The question posed here is – “How do we respond to these challenges?”  Yeah, but — everyone is going to respond differently right?  What we have to remember is “how we respond to life’s challenges” is the catalyst for growth and happiness.  Growth brings about confidence – confidence “sparks” us to keep going – and sparks “ignite” a fire that lights the way to success and happiness.

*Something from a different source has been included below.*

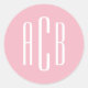 Pegatina Redonda Monograma simple de tres letras rosa y blanco

To Do’s & I Love You’s – –

I could not have found a better picture of what my mind is feeling like right now – the dreaded blank page!!  Do you find yourself sometimes just staring at a blank piece of paper and just don’t know what to write down first – Yeah, well–

That is me — “I’m guilty as charged!”  It’s funny – I used to write everything down on a piece of paper titled “To Do List” and these lists would end up looking like I was writing a short essay for college – Wow – really bad, huh?

I sometimes wrote down some of the craziest stuff – like “sort my sock drawer” or “buy Crazy Glue to fix the coffee cup handle” or even something like “dust, sweep, mop, and do all the laundry – today?!”  Yeah, I know, stupid list – like I’m really going to get all of this done in one day – yeah right!  This is a HUGE ‘”CHORE”‘ LIST, – something I am not a fan of.

So, one day, I decided to stop writing any kind of list – even a grocery list.  If I even tried to start a list, I would get this overwhelming feeling of dread and doom – like if I don’t get everything done on this list, I’ll be reminded every day of what I failed to complete on my “so called list.”

Wow, now that is a way to really put some added stress on top of your life – just think about it -“Is this what we really want in life or is it more important to take the time – of which you would otherwise be writing your lists – and spend it with your family and friends?”  Lists go on forever — our loved ones don’t!!